Vice President Kamala Harris typically spends the Fourth of July weekend with her husband, Doug Emhoff, at their home in Los Angeles, grilling hot dogs for their Secret Service agents. But as concerns over President Biden’s age and mental acuity have continued to simmer in recent days, Ms. Harris has been on the road, relentlessly defending his record in interviews and before crowds of supporters.
On Saturday, in an appearance at the Essence Festival of Culture in New Orleans, neither Ms. Harris nor her interviewer, Caroline A. Wanga, the chief executive of Essence, mentioned Mr. Biden’s teetering campaign for re-election or the high-stakes interview he gave to ABC News on Friday.
Instead, in a roughly 30-minute conversation onstage, Ms. Harris spoke of her biography, jabbed sharply at former President Donald J. Trump and promoted the Biden administration’s achievements on issues like Black maternal health, student debt and housing.
“Understand what we all know,” she said. “In 122 days, we each have the power to decide what kind of country we want.”
She warned of Mr. Trump’s open praise for dictators, his promise of retribution against his political enemies and the new latitudes of immunity that the Supreme Court had granted him.
These are pivotal moments for Ms. Harris. The intense scrutiny that has befallen Mr. Biden as pressure mounts on him to step aside has begun to make its way to his most likely successor. She had made an early and surprise appearance at the Essence festival on Friday night, walking in to Beyoncé’s “Freedom” after being introduced by the comedian Punkie Johnson.
“Let us always celebrate the diversity, the depth and the beauty of our culture,” Ms. Harris had said to resounding cheers.
Leaders with several progressive organizations and women’s advocacy groups said on Friday that they were working to raise Ms. Harris’s profile and highlight her achievements, regardless of whether Mr. Biden chooses to step aside.
The vice president remains largely undefined in the public, according to their polling, though she and the issues in her portfolio — such as reproductive rights and gun violence — are highly popular with the groups that Mr. Biden seeks to shore up, including women, young people and voters of color.
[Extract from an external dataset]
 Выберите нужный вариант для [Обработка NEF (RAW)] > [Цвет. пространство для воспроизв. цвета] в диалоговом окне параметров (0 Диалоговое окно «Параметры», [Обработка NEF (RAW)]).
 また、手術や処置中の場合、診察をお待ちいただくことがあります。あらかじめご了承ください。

Mr. Trump and his Republican allies have also escalated their criticisms of Ms. Harris. On his social media site, Truth Social, Mr. Trump described her as his “potentially new Democrat Challenger” and called her “Laffin’ Kamala Harris,” an apparent reference to her laugh.
Leaders with UltraViolet, Emily’s List and other women’s groups released a joint statement denouncing Mr. Trump’s attacks on Ms. Harris, saying that he could not stand to see a Black woman who was smarter, tougher and more respected than he was “getting the praise she deserves for her leadership.”
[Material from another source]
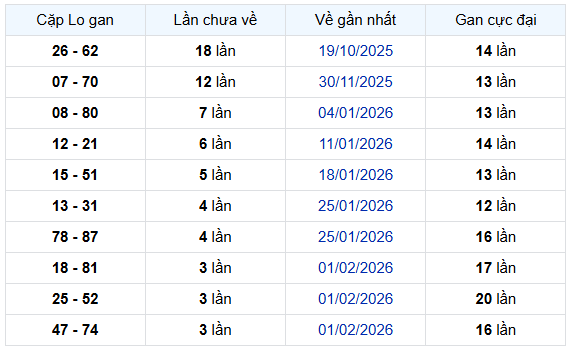 Nhìn vào bảng cặp lô gan, có thể thấy xuất hiện một điểm cực kỳ đáng chú ý: nhiều cặp đã vượt qua mốc gan cực đại trong lịch sử – dấu hiệu cho thấy khả năng “xả dồn” rất cao trong ngắn hạn. Đây cũng là dữ liệu quan trọng khi tham khảo dự đoán xổ số Tiền Giang ngày mùng 1 tháng 3 năm 2026.

Ms. Harris’s appearance in New Orleans was part of her efforts to energize Black voters, a constituency vital to Democrats’ success in November. Before she was interviewed onstage, Ms. Harris took photos with members of the Congressional Black Caucus at a booth set up by national Democratic groups to register voters and raise awareness of the Biden administration’s accomplishments.
Despite their high praise for Ms. Harris, some attendees said they hoped the party would stick with Mr. Biden as its presidential nominee.
“I think that he still has a heart to lead this country,” Jeanetta Hawkins, 62, a small-business owner in St. Louis, said of Mr. Biden.
Tiffany Altman, 36, brought along a copy of Ms. Harris’s book “The Truths We Hold” in hopes of getting it signed. Watching Mr. Biden during the presidential debate had been “painful,” she said. But she was crushed when Hillary Clinton lost to Mr. Trump in 2016, and she doubted that the United States was ready for a Black woman in the White House.
The sentiment was a common one, though recent studies have shown that female and nonwhite candidates are winning races at rates that equal or exceed those of their white male counterparts.